Blood group anti-A/B antibodies did not differ between CVID patients and healthy individuals when determined by diamed-ID Micro typing

When the amount of anti-A/B antibodies in samples of 34 CVID patients, diagnosed according to the criteria established by the IUIS expert committee (5), was determined by the Diamed-ID Micro Typing System using the ID-Card 50520 (NaCl) to measure IgM-isoagglutinins, no difference could be found between CVID patients and healthy individuals (Figure 1A, left panel). X-linked agammaglobulinemia (XLA) patients with a defect in btk showed no detectable isoagglutinin antibodies (Figure 1A, left panel). When samples were further analyzed in the ID-Card 50531 (LISS/Coombs containing polyspecific AHG serum) to determine IgG- in addition to IgM-isoagglutinins, the isoagglutinin titers detected were higher as compared to the NaCl-system, but still no difference was observed between CVID patients and controls (Figure 1A, right panel).

Figure 1.

Figure 1

Examination of anti-A/B antibodies in CVID patients, patients with XLA and healthy controls using the Diamed-ID Micro Typing System with the ID-Card 50520 (NaCl) to measure IgM isoagglutinins [(A), left panel] or with the ID-Card 50531 (LISS/Coombs containing polyspecific AHG serum) to determine IgG- in addition to IgM-isoagglutinins [(A), right panel] and surface plasmon resonance (SPR) technology without identification of the antibody isotype using synthetic blood group A/B trisaccharides coupled to the CM-5 Biacore® chip by amine binding (B).

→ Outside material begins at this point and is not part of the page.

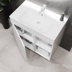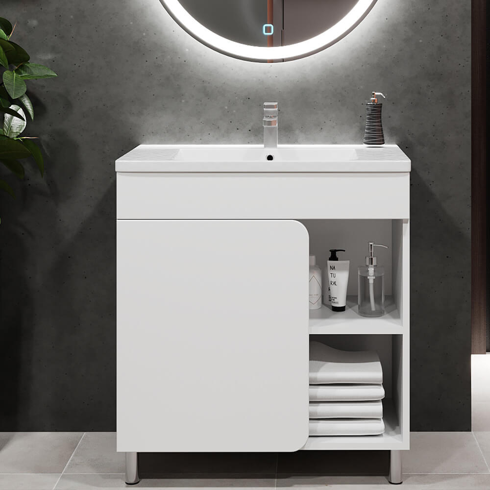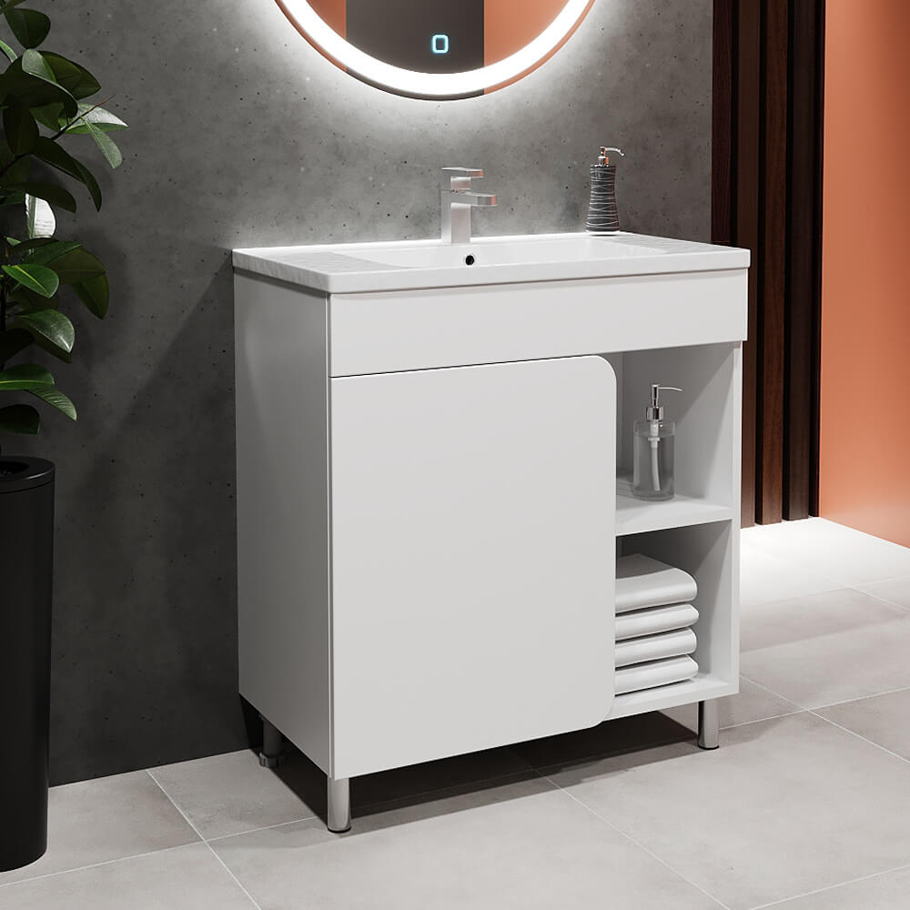 Corpul este realizat din PAL melaminat, iar frontul din MDF vopsit. Ușa batantă ascunde compartimentul principal, iar rafturile deschise sunt potrivite pentru prosoape și obiecte de uz zilnic. Mecanismul de închidere lentă asigură o utilizare silențioasă și confortabilă.

Reciprocal serum isoagglutinin titers [(A), left panel, IgM isoagglutinins; (A), right panel, IgG and IgM isoagglutinins] and SPR resonance units (B) are depicted using box plot diagrams, the median of the study group is represented by a cross, the interquartile range (IQR) is represented by the box, 5- and 95-percentile values are represented by the whiskers, and minimum and maximum values are represented by circles. The 95% confidence interval for the median calculated according to McGill et al. (21) is indicated by horizontal bars. The non-parametric Mann–Whitney U-test (two-sided P value) was used for statistical comparison between patients and healthy controls.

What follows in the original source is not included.